The invention discloses a method for synthesizing perfluoroisobutyronitrile, which is prepared by using industrial products hexafluoropropylene and chloroformate as raw materials. The reaction route is: chloroformate and hexafluoropropylene under the action of fluoride salt One-pot reaction synthesis of heptafluoroisobutyrate; heptafluoroisobutyrate reacts with ammonia to obtain heptafluoroisobutyramide; heptafluoroisobutyramide is dehydrated with a dehydrating agent and purified by rectification to obtain perfluoroisobutyronitrile ( 2,3,3,3-tetrafluoro-2-trifluoromethylpropionitrile). The raw materials selected in the method are all commercially available, and the main raw materials chloroformate and hexafluoropropylene are low in cost and can be supplied in large quantities; the reaction conditions are mild, and the reaction conversion rate and yield are high; the products of each step are easy to separate, and the product purity is high. High, simple and safe process operation, easy to industrial production.

The invention provides a preparation method of 2-chloro-5-nitropyridine. 2-Hydroxy-5-nitropyridine is prepared by two methods with 2-nitroacetaldehyde acetal as the initial raw material; then 2-hydroxy-5-nitropyridine and chlorination reagent are prepared by chlorination reaction to prepare 2-chloro ‑5‑nitropyridine. The method of the invention has cheap and easy-to-obtain raw materials and low cost; does not involve diazotization hydrolysis reaction, and is safe and convenient to operate; does not use mixed acid, produces less waste water, and is environmentally friendly; at the same time does not involve nitrification reaction, has high reaction selectivity and few side reactions , the post-treatment is simple, the product yield and purity are high, and it is suitable for industrial production.

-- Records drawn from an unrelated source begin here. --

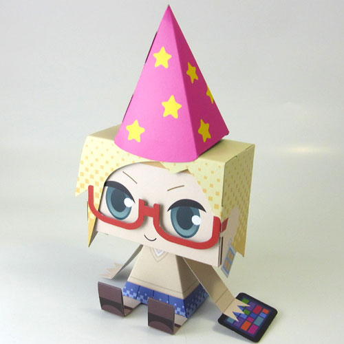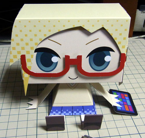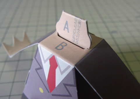 特にこのメガネパーツを兼ねた前髪部分の強度が弱いので、折り目をつけるときは慎重に。切り離しの時点でも結構ヒヤヒヤさせられた。 完成後も右前髪の先端を折らない様に気をつけよう。
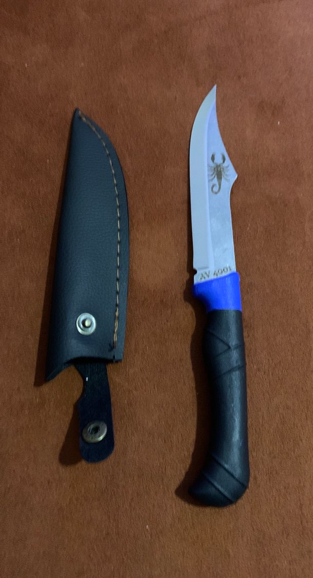 Mavi ve siyah saplı, kavisli bıçağa sahip, yanında siyah deri kılıf bulunan bıçak.
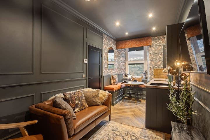 Ubytujte sa v tomto butikovom štúdiu v Cambusbarrone, len 1,8 míle od centra mesta Stirling. Tento štýlový otvorený priestor ponúka manželskú posteľ s čistou bielizňou, modernú kuchyňu s kávovarom Nespresso a umývačkou riadu, jedálenský kút pre 2 osoby, Smart TV a rýchle Wi-Fi. Užite si bezplatné parkovanie na ulici, pokojné prechádzky v lese vrátane stratených záhrad hradu Polmaise, ako aj ľahký prístup autobusom alebo pešo do Stirlingu, King's Parku a k historickým pamiatkam. Ideálne pre páry alebo sólo cestujúcich, ktorí hľadajú komfort a pohodlie.
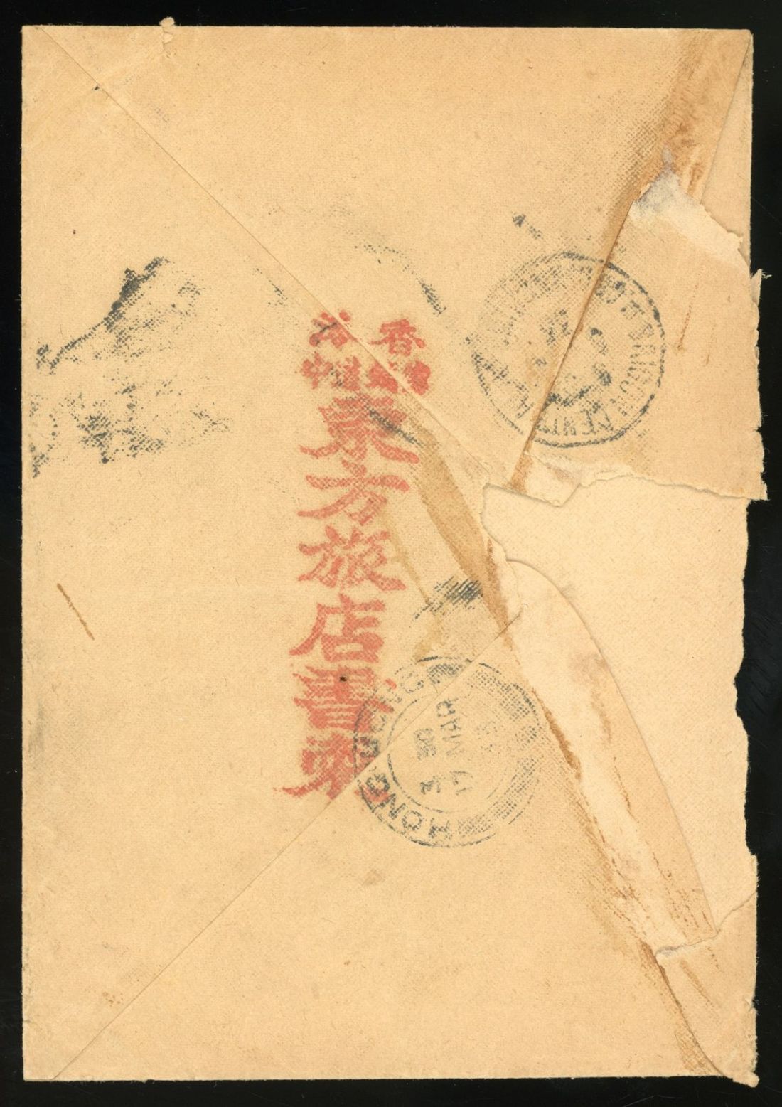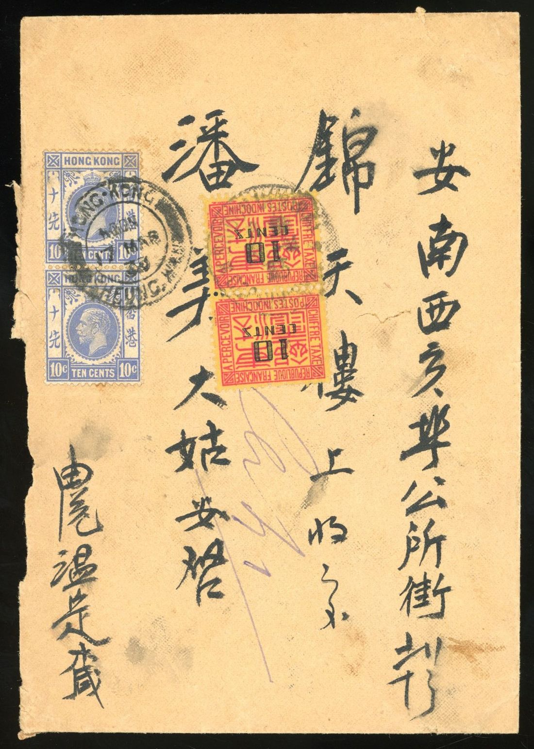 1933 (17 Mar) envelope to Saigon bearing KGV 10c in pair tied by 'Hong Kong Sheung Wan' c.d.s. underpaid and bearing French Indo-China postage dues 10c in pair tied by Saigon Central Cochinchine receiver. Lovely item of underpaid mail from Sheung Wan Branch Office to French Indo-China.
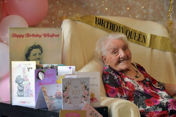 احتفلت البريطانية المعمرة "وينيفريد توماس" بعيد ميلادها الـ 105، في دار الرعاية، مع أقربائها يوم أمس الثلاثاء.

The invention discloses a synthetic method of anti-tumor molecular targeted drug crizotinib, belongs to the field of pharmaceuticals, and relates to a synthetic method of a crizotinib intermediate. The method comprises two reduction processes: a bromination reaction process comprises the following reaction steps: a reduction process I: carrying out reduction reaction on a (R)-3-[1-(2,6-dichloro-3-fluorophenyl)ethoxyl]-2-nitropyridine compound and sodium dithionate under a mechanical chemical condition to generate (R)-3-[1-(2,6-dichloro-3-fluorophenyl)ethoxyl]-2-aminopyridine; a reduction process II: dissolving the (R)-3-[1-(2,6-dichloro-3-fluorophenyl)ethoxyl]-2-nitropyridine compound into an organic solvent, carrying out catalytic hydrogenation and reduction treatment to generate (R)-3-[1-(2,6-dichloro-3-fluorophenyl)ethoxyl]-2-aminopyridine; the bromination reaction process comprises a step of carrying out reaction between the compound and potassium hydrogen persulfate as well as bromate to obtain the crizotinib intermediate. The process is low in cost, the raw materials are easy to purchase, the operation is simple, convenient and safe, and the yield is high; moreover, the process is suitable for large-scale production.